Define the relationship between Auto Scaling Group (ASG) health checks and Load Balancer health checks.
Configure Route 53 health checks for DNS-level failover.

Key Terms & Glossary

Health Check: A periodic request sent by an AWS service (like ELB) to an application instance to verify its status.
Readiness Probe: A check to determine if an application is ready to accept traffic (e.g., after it has finished loading a cache or connecting to a database).
Grace Period: The amount of time an Auto Scaling group waits before checking the health status of a newly launched instance.
Healthy/Unhealthy Threshold: The number of consecutive successful or failed probes required to change an instance's status.
Deep Health Check: A health check that validates not just the web server, but also downstream dependencies like databases or external APIs.

The "Big Idea"

In a distributed system, individual components will inevitably fail. Health checks act as the "system pulse." Without them, a Load Balancer would blindly send traffic to a "zombie" instance—one that is running but unable to process requests—leading to user-facing errors. By effectively configuring health checks, you enable AWS to automatically route traffic away from failing components and trigger self-healing mechanisms.

Formula / Concept Box

Parameter	Standard Default (ALB)	Purpose
Path	`/`	The destination URL for the health check (e.g., `/health`).
Port	`traffic-port`	The port the load balancer uses to send health checks.
Healthy Threshold	5	Consecutive successes to mark as "Healthy".
Unhealthy Threshold	2	Consecutive failures to mark as "Unhealthy".
Interval	30 seconds	Time between individual health check probes.
Timeout	5 seconds	Time to wait for a response before counting as a failure.
Success Codes	`200`	The HTTP status code(s) indicating a healthy response.

Hierarchical Outline

Elastic Load Balancing (ELB) Health Checks
- Target Groups: Health checks are configured at the Target Group level, not the Load Balancer level.
- Status Codes: You can specify a range (e.g., 200-399) for flexibility.
Auto Scaling Group (ASG) Integration
- EC2 Status Checks: Default check; only sees if the VM is up.
- ELB Health Checks: Must be enabled manually.

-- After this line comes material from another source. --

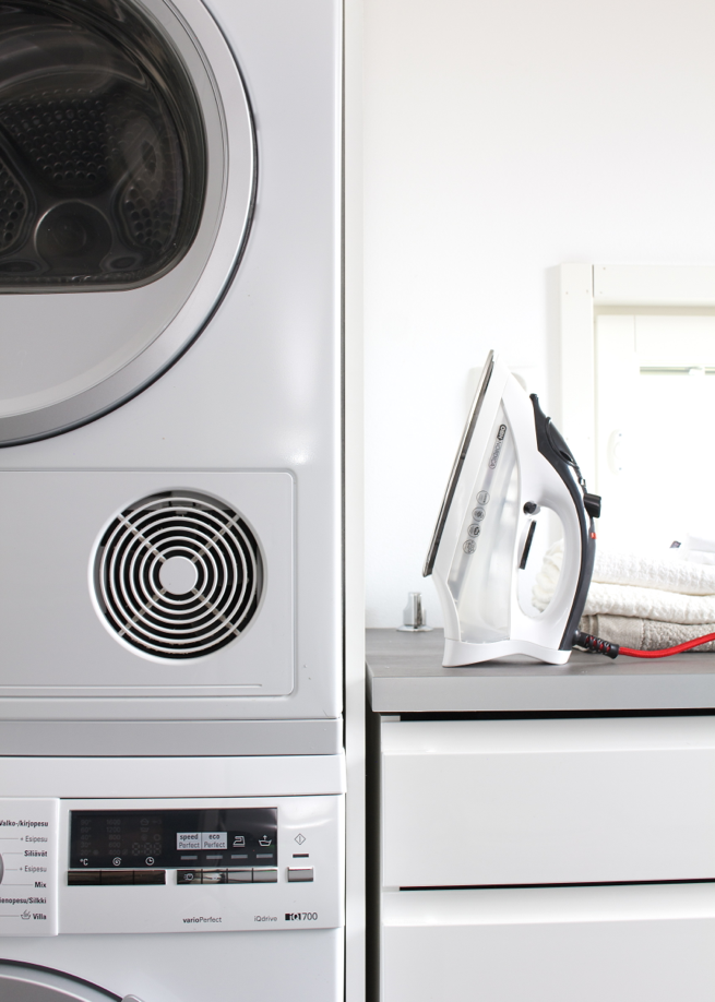 Nyt kurkataankin paikkaan, joka ei ole aiemmin blogissa näkynyt, eli kodinhoitohuoneeseen. Tämä on yksi omakotiasumisen parhaita puolia: vaatehuollolle ja muille kodin askareille on varattu oma tila. Tosin meilläkin kodinhoitohuone näyttelee kaksoisroolia saunan pukuhuoneena. Ovesta on suora käynti takapihan paljulle, jota emme ole vielä kertaakaan saaneet aikaiseksi lämmittää.
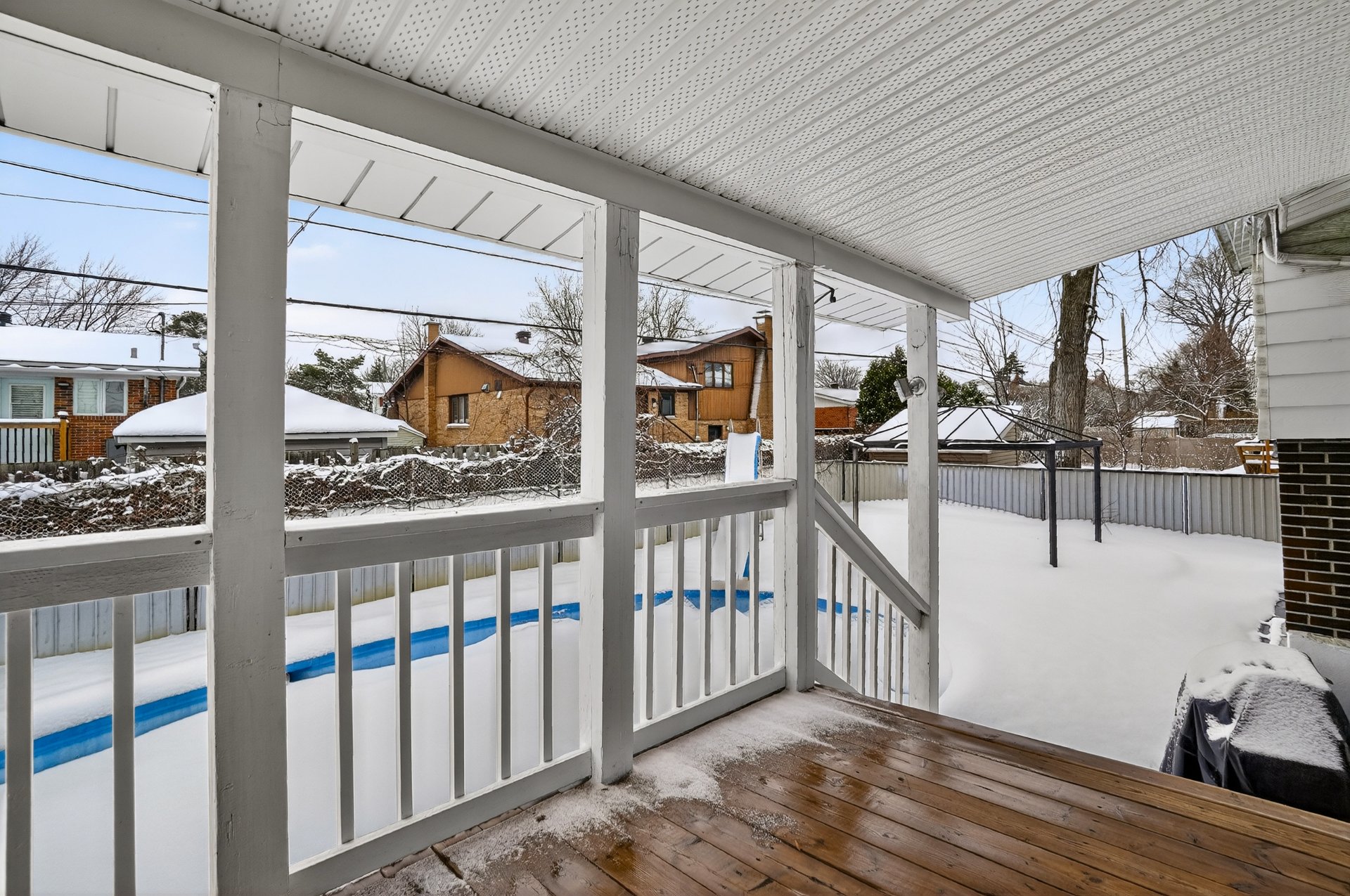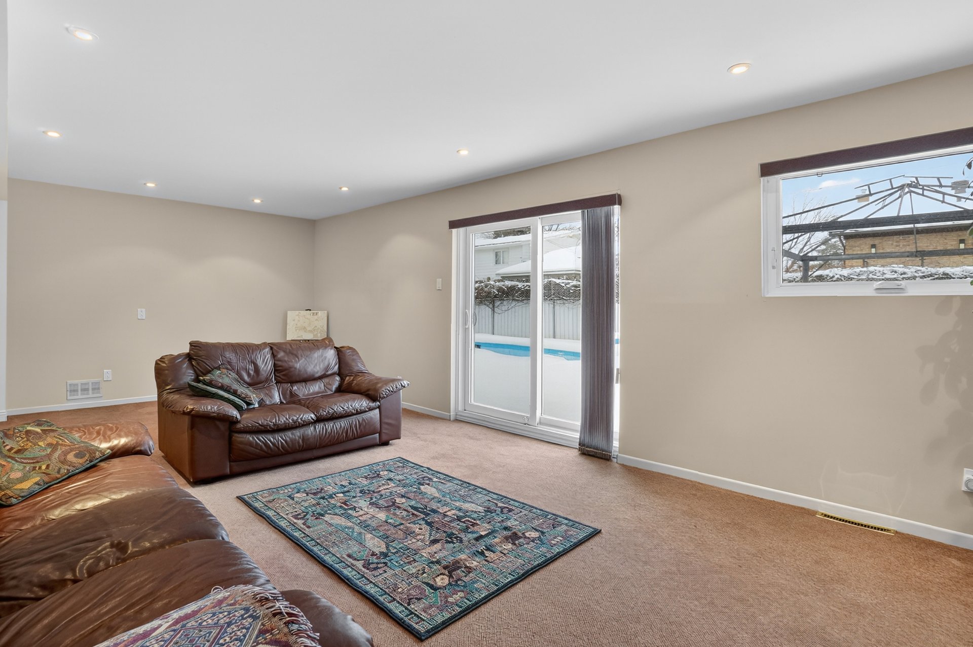 et à la piscine creusée. Parquet sous le tapis.

If the ELB marks an instance unhealthy, the ASG terminates and replaces it.
Application-Level Implementation
- Shallow Checks: Verifies only the web server is responding (e.g., static file).
- Deep Checks: Verifies DB connectivity, memory usage, and background thread status.
Route 53 Health Checks
- Public Endpoints: Monitors public-facing IP addresses or domain names.
- CloudWatch Alarms: Can trigger DNS failover based on alarm status.

Visual Anchors

Health Check Lifecycle

Loading Diagram...

Load Balancer vs. Target Health

Compiling TikZ diagram…

⏳

Running TeX engine…

This may take a few seconds

Definition-Example Pairs

Shallow Health Check: A simple check of the web server availability.
- Example: Checking if index.html loads. It is fast but doesn't guarantee the app can actually talk to the database.
Readiness Probe: A check that ensures the application is fully initialized.
- Example: A Java Spring Boot application that must wait for its Hibernate connection pool to initialize before it returns a 200 OK on /ready.
Health Check Grace Period: A delay before the ASG starts killing instances.
- Example: If your app takes 5 minutes to start, set the grace period to 300 seconds so the ASG doesn't kill it for being "unhealthy" while it's still booting up.

Worked Examples

Scenario 1: Configuring an ALB Health Check Path

You have a Python Flask application. You need to ensure the ALB only sends traffic if the database connection is alive.

Application Code:

python

@app.route('/health')
def health_check():
    try:
        db.session.execute('SELECT 1')
        return "Healthy", 200
    except Exception:
        return "Service Unavailable", 503

AWS Configuration:
- Navigate to Target Groups in the EC2 Console.
- Select your target group -> Health checks tab -> Edit.
- Health check path: /health.
- Success codes: 200.

Scenario 2: ASG Integration

You notice that even though your ALB shows instances as "Unhealthy," the Auto Scaling Group is not replacing them.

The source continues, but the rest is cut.